Background: The capability of benzophenone-3 (BP-3) to absorb and dissipate ultraviolet radiation facilitates its use as a sunscreen agent. BP-3 has other uses in many consumer products (e.g., as fragrance and flavor enhancer, photoinitiator, ultraviolet curing agent, polymerization inhibitor).
Objectives: Our goal was to assess exposure to BP-3 in a representative sample of the U.S. general population > or = 6 years of age.
Methods: Using automated solid-phase extraction coupled to high-performance liquid chromatography-tandem mass spectrometry, we analyzed 2,517 urine samples collected as part of the 2003--2004 National Health and Nutrition Examination Survey.
Results: We detected BP-3 in 96.8% of the samples.

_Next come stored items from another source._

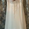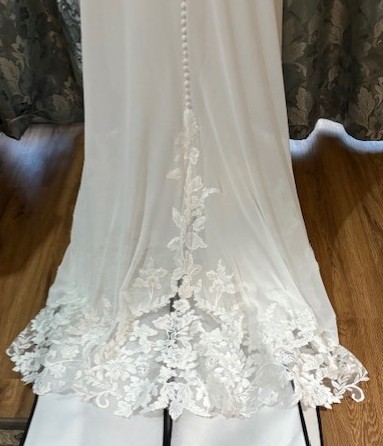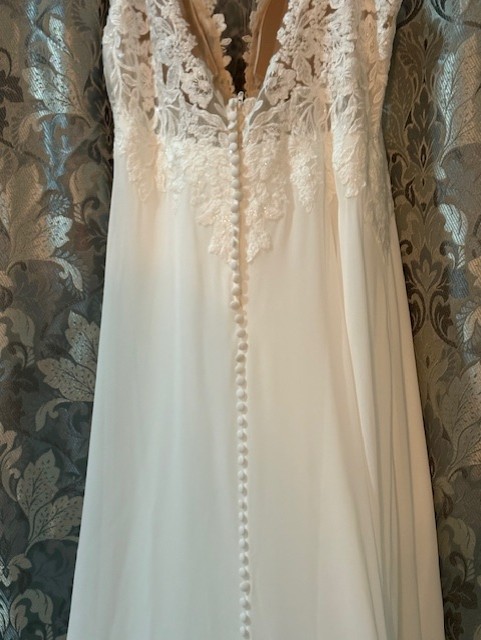 Brand new never been worn! This Lillian West by Justin Alexander, is a beautiful, flattering, chiffon A-line bridal dress featuring a plunging illusion Sabrina neckline, sequined lace appliqués along the neckline up to the straps. A Chantilly lace underlay in the sheer bodice offers a touch of extra detailing. Appliqués cascade down onto the floaty chiffon skirt and continue around to create a stunning cutout chapel length train. The V-back is accented with covered buttons cascading down to the start of the train.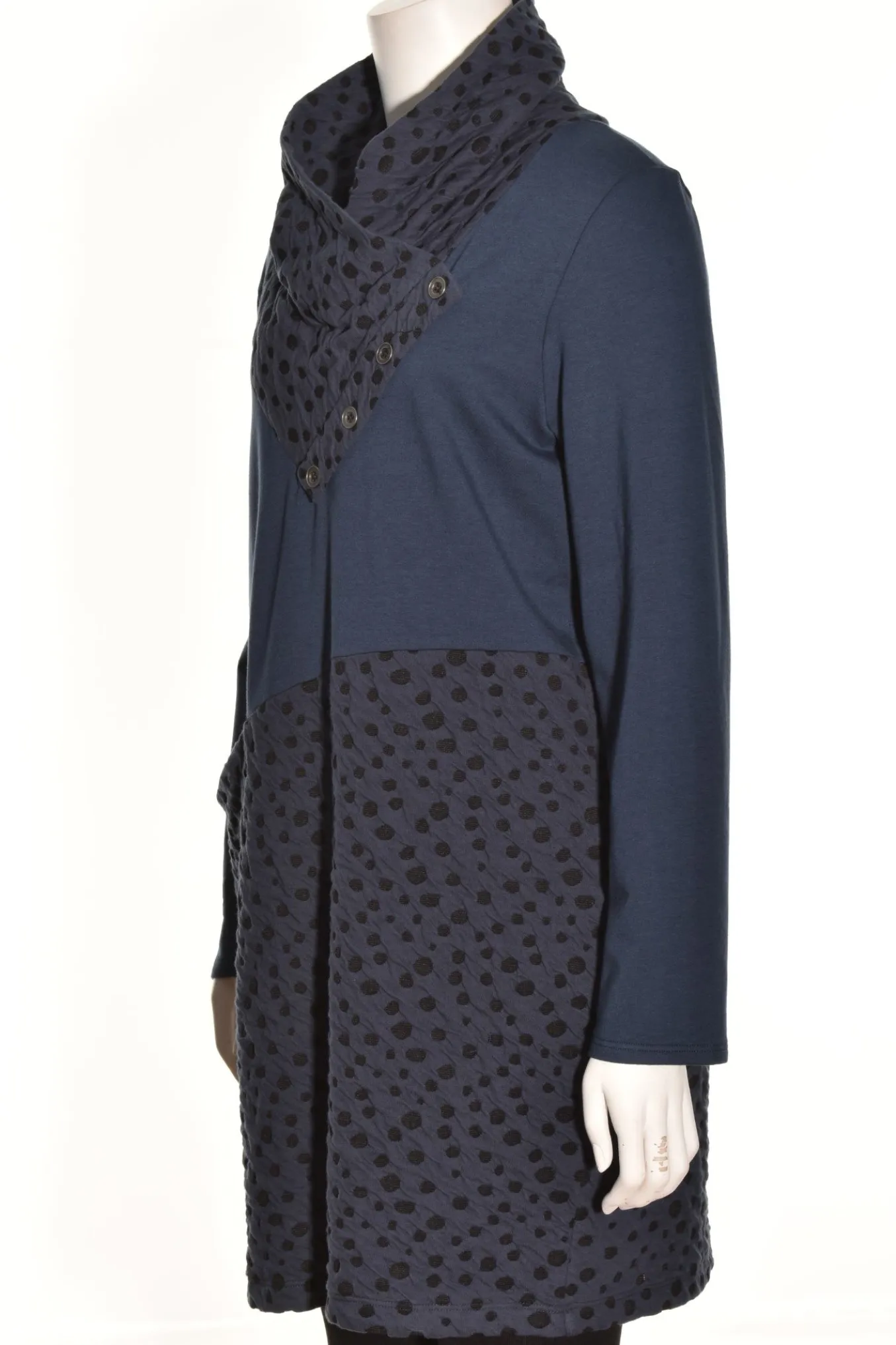 This Fabric Has A Cozy Quilted Texture. The Frances Tunic Has Complimentary Contrasting Mix On Fabrics. The Flattering Neckline With Dots Has Four Metal Buttons Purely For Decorative Appeal. A Curved Seam Separates The Dotted Bottom And Features One Pocket On The Seam. The Length Is Longer And Has Full Length Sleeves For Ultimate Coziness When Jack Frost Comes Knocking.
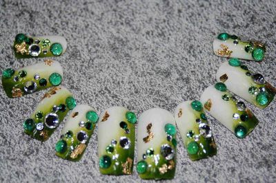 今日は昨日に続きフレンチスカルプの「SHIROCHIIの右手」です。画像はこちら↓今回の右手のテーマなんですけど、「ジュエル」です。このジュエルというもの、なかなか手間がかかりまして左手で、利き腕にアートをするとなると、ブリオン並べるにも手が、プルプルしまして、はっきし言って、やりにくいです。そりゃーもう、真剣そのものですよ。多分アートをしている時の顔、物凄く怖いのではないでしょうか。今回は、ブリオンが曲がっちゃっていますけど、許してくださいね。さて、今日なんですが今日は、朝からちょいと出掛けていまして夕方帰ってきたんですが、頭が痛くってそのまま帰ってきてから横になっていました。何だろう、もうスッキリしちゃいましたけど。ええっと、旦那が休みだったので買い物へ一緒に行きまして某電気店「YAMA○A電気」自分の名刺を刷るのに、紙を買いに行きましてこれ、印刷屋さんに頼むと結構な金額になるじゃないですか100枚で3000円とかしちゃうので。なので、今回は自分でデザインして、プリンターで一気に刷ってしまおうと思いまして・・・。お値段考えたら、自分でやると安いんですねー。インク代入れたとしても、1000円もかからないんですから。それと共に、今回は、娘が無くしてしまったSDカードも購入。一枚予備であるんですけど、こいつが役立たずな16MBなものですから写真を撮るのも、4枚しか撮れないんですよ。なので、一緒に購入してきました。その後、100均に行ってきたんですけど名刺の紙・・・・なんということでしょう・・・売っていました。悲しい・・・ですね。しかも最近では、100均にアクリルパウダーとかリキッドとかプライマーまで売ってるじゃないですか。あれは、どんなものなんでしょうか・・・。私が使っているのは、EZさんの物なんですが以前、メーカー忘れましたけど、違う物使ったらかなり操作しにくかったです。100均で扱っている物は、操作性はどうだろうと?と興味は湧きましたけど絶対に使わなそうなんで、買うのはやめました。こうやって、買い物している間に、頭はガンガンしてきちゃって家に帰った途端、バタンキュー(死語)多分昨日の、巴投げがきいていたんでしょうね、お疲れだったようです。こんな一日を過ごしていましたよ。コメントくださった方、お返事が遅くなってすみませんでした。ネイルランキング←クリック♪ネイルブログランキング←クリック♪FC2ブログランキング←クリック♪ランキングに参加しています。ポチッと応援よろしくお願いします。ぺこり。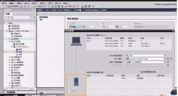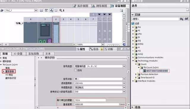 系统搭建示意图 本文中的实例项目使用 CPU1516-3PN/DP 通过 PN 通讯控制 G120 变频器,通过安装在电机后面的编码器连接到工艺模块 TM Count24V 作为位置反馈。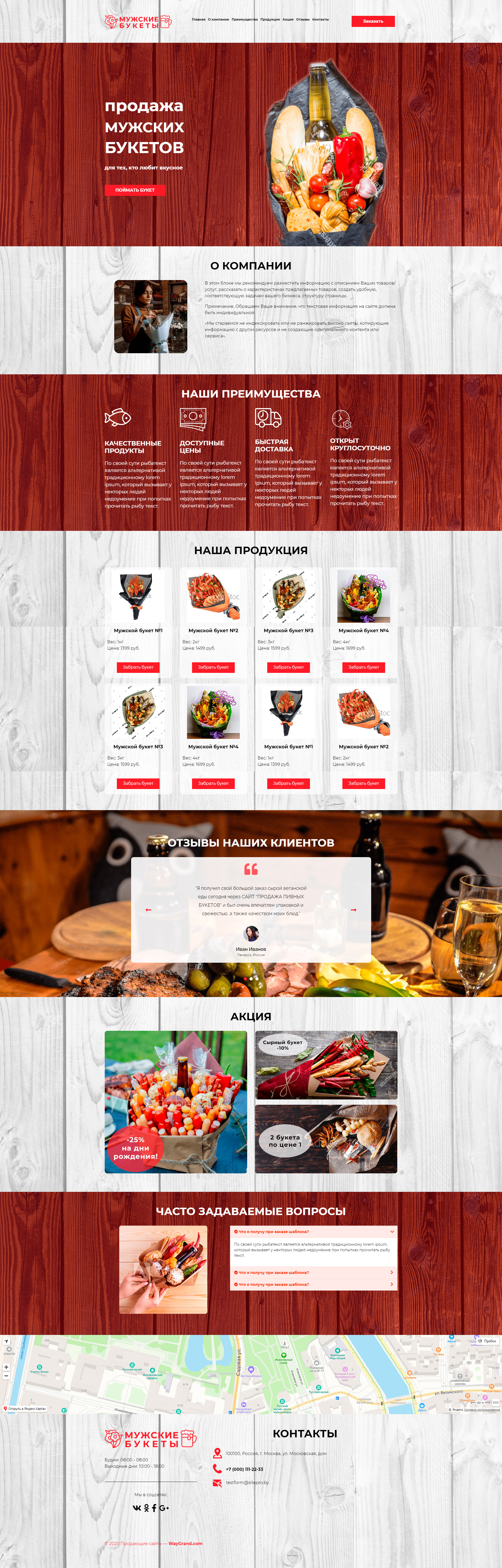 Закажите готовый продающий сайт лендинг #2404204 в Молодечно за 1-3 дня «под ключ»: свёрстан, отрисован и готов к рекламе. Тематика шаблона «Мужские букеты».

The geometric mean and 95th percentile concentrations were 22.9 microg/L (22.2 microg/g creatinine) and 1,040 microg/L (1,070 microg/g creatinine), respectively. Least-square geometric mean (LSGM) concentrations were significantly higher (p < or = 0.04) for females than for males, regardless of age. LSGM concentrations were significantly higher for non-Hispanic whites than for non-Hispanic blacks (p < or = 0.01), regardless of age. Females were more likely than males [adjusted odds ratio (OR) = 3.5; 95% confidence interval (95% CI), 1.9-6.5], and non-Hispanic whites were more likely than non-Hispanic blacks (adjusted OR = 6.8; 95% CI, 2.9-16.2) to have concentrations above the 95th percentile.
Conclusions: Exposure to BP-3 was prevalent in the general U.S. population during 2003--2004. Differences by sex and race/ethnicity probably reflect differences in use of personal care products containing BP-3.
Keywords: NHANES 2003–2004; benzophenone-3; biomonitoring; exposure; human; sunscreen; urine.